FM Interviews: Stephanie Mills

Authors

  • Edward Valauskas

DOI:

https://doi.org/10.5210/fm.v7i6.965

Abstract

Stephanie Mills is an author, editor, lecturer and ecological activist who has concerned herself with the fate of the earth and humanity since 1969, when her commencement address at Mills College in Oakland, Calif., drew the attention of a nation. Her speech, which the New York Times called "perhaps the most anguished statement" of the year's crop of valedictory speeches, predicted a bleak future. According to Mills, humanity was destined for suicide, the result of overpopulation and overuse of natural resources. "I am terribly saddened by the fact that the most humane thing for me to do is to have no children at all," said Mills, who was 20 at the time. After graduation, Mills worked as campus organizer for Planned Parenthood. Within one year, she delivered roughly 80 talks on the subject of overpopulation and the necessity of birth control. Mills collaborated with environmental leaders such as Gary Snyder, Stewart Brand and Richard Brautigan to generate the ecological manifesto Four Changes. In 1970, Mills became Editor-in-Chief of Earth Times, a San Francisco-based monthly environmental tabloid, and later worked as an editor for Co-Evolution Quarterly, Not Man Apart, California Tomorrow, and Earth. In 1972, she received a grant from the Point Foundation to conduct a salon at the United Nations Conference on Human Environment in Stockholm Sweden, and in Berkeley, Calif. In 1984, Mills left the Bay Area and moved to rural Michigan, where she began her first book, Whatever Happened to Ecology? (Sierra Club Books, 1989). The book offers a bioregionalist's look at the idea of home and place. Mills went on to edit and write essays for In Praise of Nature (Island Press, 1990).

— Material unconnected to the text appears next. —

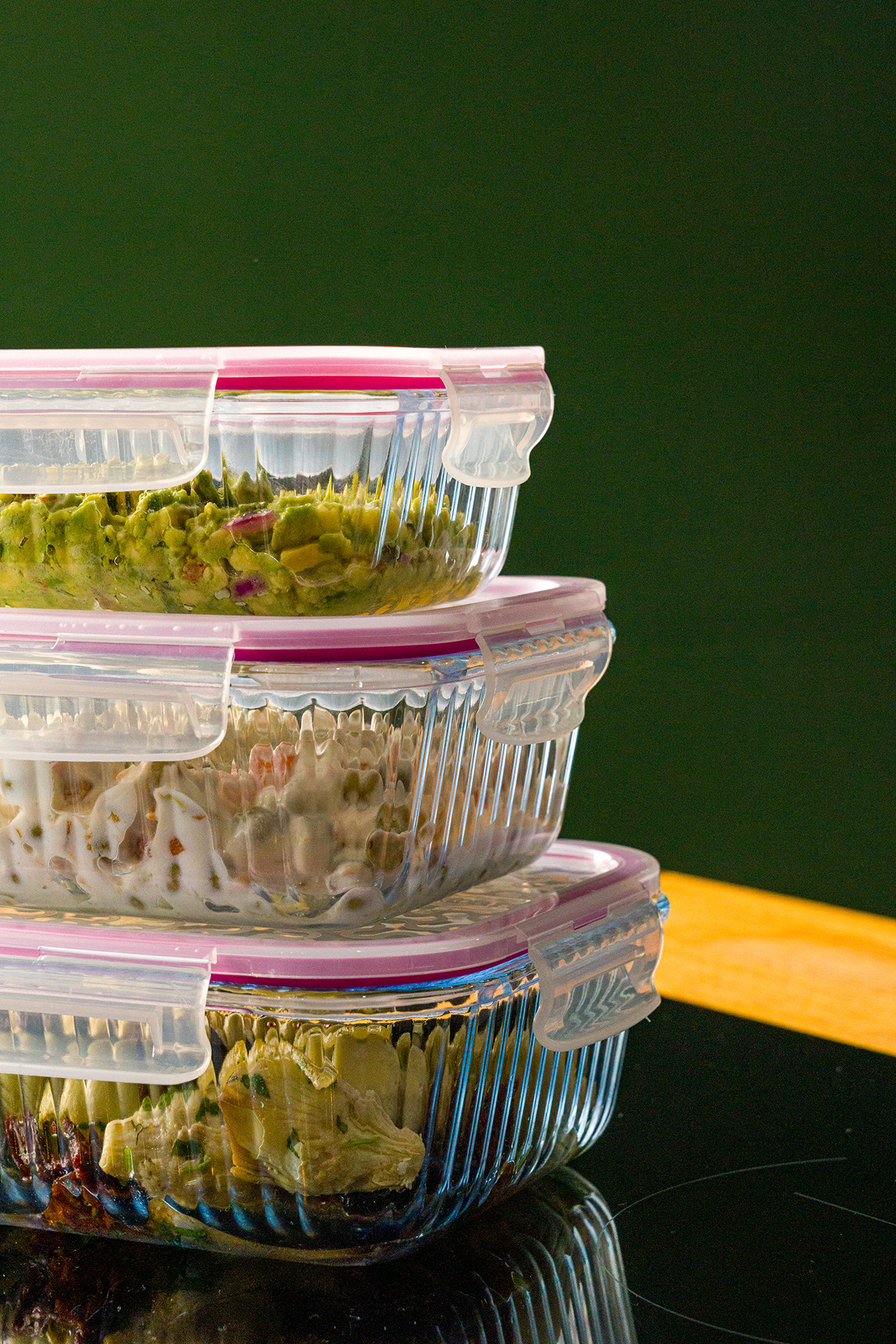 Sızdırmaz kapaklı tasarımları, taşıma ve saklama esnasında maksimum güvenlik sağlar. Şeffaf cam gövdeleri, içeriği kolayca görmenizi sağlarken; koku, leke veya tat transferi yapmaz.

In Service to the Wild: Restoring and Reinhabiting Damaged Land (Beacon Press, 1995) and Turning Away from Technology (Sierra Club Books, 1997) followed. Her latest book, Epicurean Simplicity(Island Press, 2002), addresses the rewards and challenges of a simple life. Mills lives in northern Michigan, where she works as a freelance author and lecturer. This interview was conducted with First Monday's Chief Editor Ed Valauskas via a series of postcards between February and May 2002, since Stephanie does not use a computer or the Internet.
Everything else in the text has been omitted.